▶ [EXERCISE PROMPT]: Return the data below unaltered, but strip out the pictures.

▶ [COLLECTED DATA]:
======

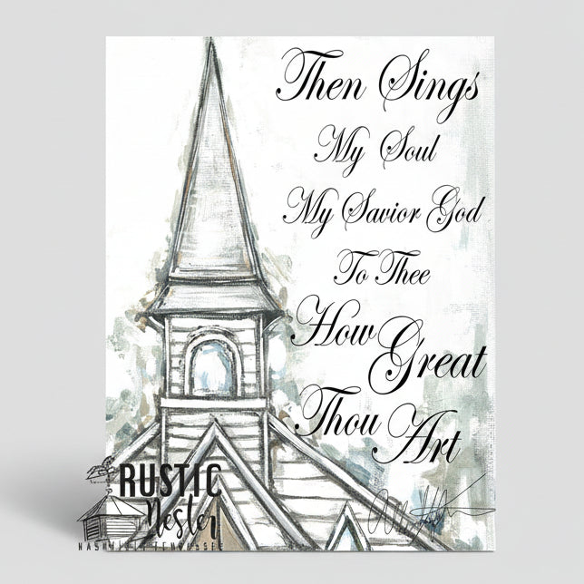 Old church song How Great Thou Art with old church steeple. Canvas print is stretched across a lightweight wooden frame with a 1/2" unprinted raised edge.
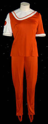 A costume featured in Star Trek II: The Wrath of Khan for wear by a female Regula I researcher. The costume is brown trousers with a matching top that features a white sleeve and white accent around the collar and dried special effects ‘blood stains' spattered on the white sleeve. … |
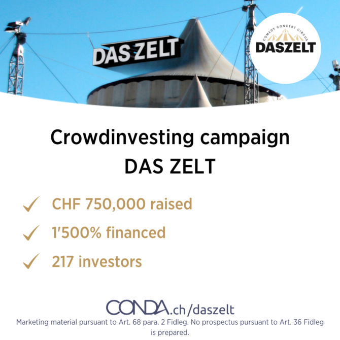 At the start of the week on Monday, the crowd-investing campaign for the SunIce Festival reached the 100-investor milestone on conda.ch. We congratulate the team on this success. Currently, 102 investors have provided almost CHF 225,000, which is 450% of the funding threshold. The goal is CHF 500,000, which should be reached by 7 September.
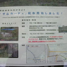 なお、当ダムの管理所は通常は無人になっていて、ダムカードは南会津町田島にある福島県南会津建設事務所にて配布されている旨の表示がありました(添付写真を参照ください)。ダム見学後、福島県南会津建設事務所に出向き、ダムを訪れた証拠写真を見せてダムカードを頂くことができました。

======

▶ [COMPLETED TASK]:
 Old church song How Great Thou Art with old church steeple. Canvas print is stretched across a lightweight wooden frame with a 1/2" unprinted raised edge.
 A costume featured in Star Trek II: The Wrath of Khan for wear by a female Regula I researcher. The costume is brown trousers with a matching top that features a white sleeve and white accent around the collar and dried special effects ‘blood stains' spattered on the white sleeve. … |
 At the start of the week on Monday, the crowd-investing campaign for the SunIce Festival reached the 100-investor milestone on conda.ch. We congratulate the team on this success. Currently, 102 investors have provided almost CHF 225,000, which is 450% of the funding threshold. The goal is CHF 500,000, which should be reached by 7 September.
 なお、当ダムの管理所は通常は無人になっていて、ダムカードは南会津町田島にある福島県南会津建設事務所にて配布されている旨の表示がありました(添付写真を参照ください)。ダム見学後、福島県南会津建設事務所に出向き、ダムを訪れた証拠写真を見せてダムカードを頂くことができました。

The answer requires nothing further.